Just a few random thoughts on the game:

  • Chicago did a pretty good job with its "If Rex Grossman is off the field he can't hurt us offense," but they lost sight of it in the fourth quarter, leading to defeat.
  • While I'm happy Tony Dungy and Payton Manning won, phrases like "second Super Bowl win in Colts' franchise history" stick in my craw. It's the first win for Indianapolis, OK? The phrase "in the middle of the night" still only means one thing in Maryland.
  • So much for playing the game in nice-weather venues. New York (well, Jersey) or DC (I mean Landover) would have been a lot better this week. It was football weather — cold.
  • I was going to give best commercial award to K-Fed, because nothing else caught my attention — I don't remember what he was advertising, either. But the two minute warning NFL in-house with Brett Favre was better, and the only memorable one in the lot.
  • Next Super Bowl? Ravens and Redskins. (If you believe that, boy, have I got some penny stocks to sell you.)

This Is Why Linus Is Way Cooler Than Bill Or Steve

Linux Kernel 2.6.20 Release Announcement

Thanks to LWN

gnuplot 4.2

gnuplot is one of those programs I can't live without. It's fair to say that 70% of the graphics I've published in my work were created with gnuplot, and the only reason that figure isn't higher is that I wrote a lot of papers before I found out about gnuplot.

The version supplied with Dapper is 4.0, but I found from an email that 4.2.rc4 was recently released. Going to the project home page I found that this release included support for animated GIFs, something that I was trying to create more or less by hand for an upcoming talk. Now expecting the new version to be available in Dapper is a bit much, so I went to SourceForge and downloaded the tarball. (Click on "Download gnuplot development," then on "4.2.rc4." It's not obvious.)

After a bit of tweaking, I found that I had to fire up synaptic and install the libreadline5-dev and libgd2-dev packages.
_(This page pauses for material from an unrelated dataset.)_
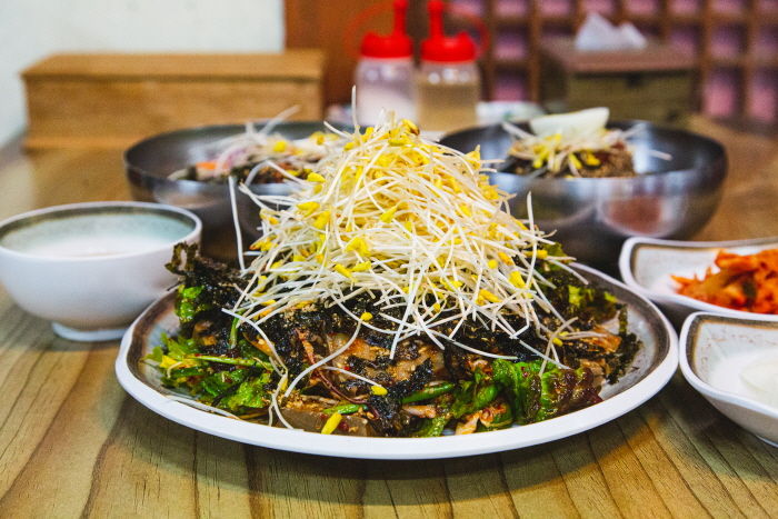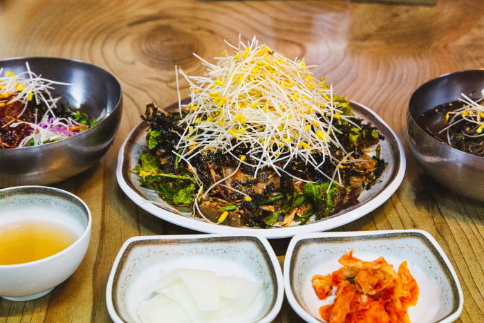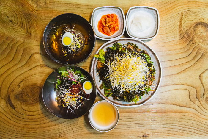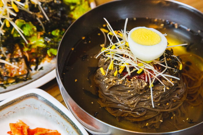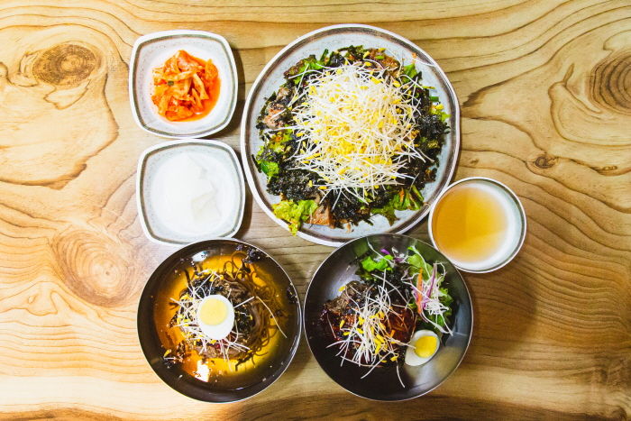 여기오시면 묵무침은 꼭 필수로 드셔야합니다 들기름이랑김듬뿍올라가서 고소한데다가 메밀묵+메밀싹이 더해진 미친맛이예요! 살짝빨간양념인데 자극적이진않구요 봉평메밀막걸리랑 같이 먹으니 너무 맛있습니다 같이 시킨 막국수랑 비빔막국수까지 맛있게 먹고갑니다💕👍👍

These let me compile in readline support, so I can do things like tab-complete file names, and support for gif and png files, for the aforesaid animated gifs.

From there it's straightforward, using the checkinstall to create the .deb file:

$ untar gnuplot-4.2.rc4.tar.gz
$ cd gnuplot-4.2.rc4
$ ./configure --with-readline=gnu --enable-history-file
$ make
$ sudo checkinstall -D make install-strip

This makes, and installs,

gnuplot-4.2.rc4_4.2.rc4-1_i386.deb

which works. Once I get the paper cleared and presented, I'll see about putting up one of the animated gifs as an example.

Friday, February 02, 2007

Deleting the Double Green Line

Many blogs and web sites have been displaying ads in what I find is an annoying fashion. Selected words are underlined twice in green. When you run your mouse over them, an annoying popup appears, advertising something. Here's a random example.

(My favorite was a blog which had a phrase something like "overall this method works well," where overall was underlined and offered to sell me blue jeans with bibs.)

There outta be ways to block these things, and there are in fact many. These popups all have the name IntelliTXT on them, someplace. They are so ubiquitous that Firefox 2.0's Google search offers 11 different versions of the string "IntelliTXT *", most of which have to do with blocking, removing, or disabling the things.

As it turns out, Wikipedia has a good "stub" article, which includes blocking information. In my case, the easiest way to block everything is to use the Adblock extension for Firefox. Just add the string "*Intellitxt*" to Adblock's filter, reload the offending page, and the double green lines are gone.

Wikipedia: It's not just for truthiness.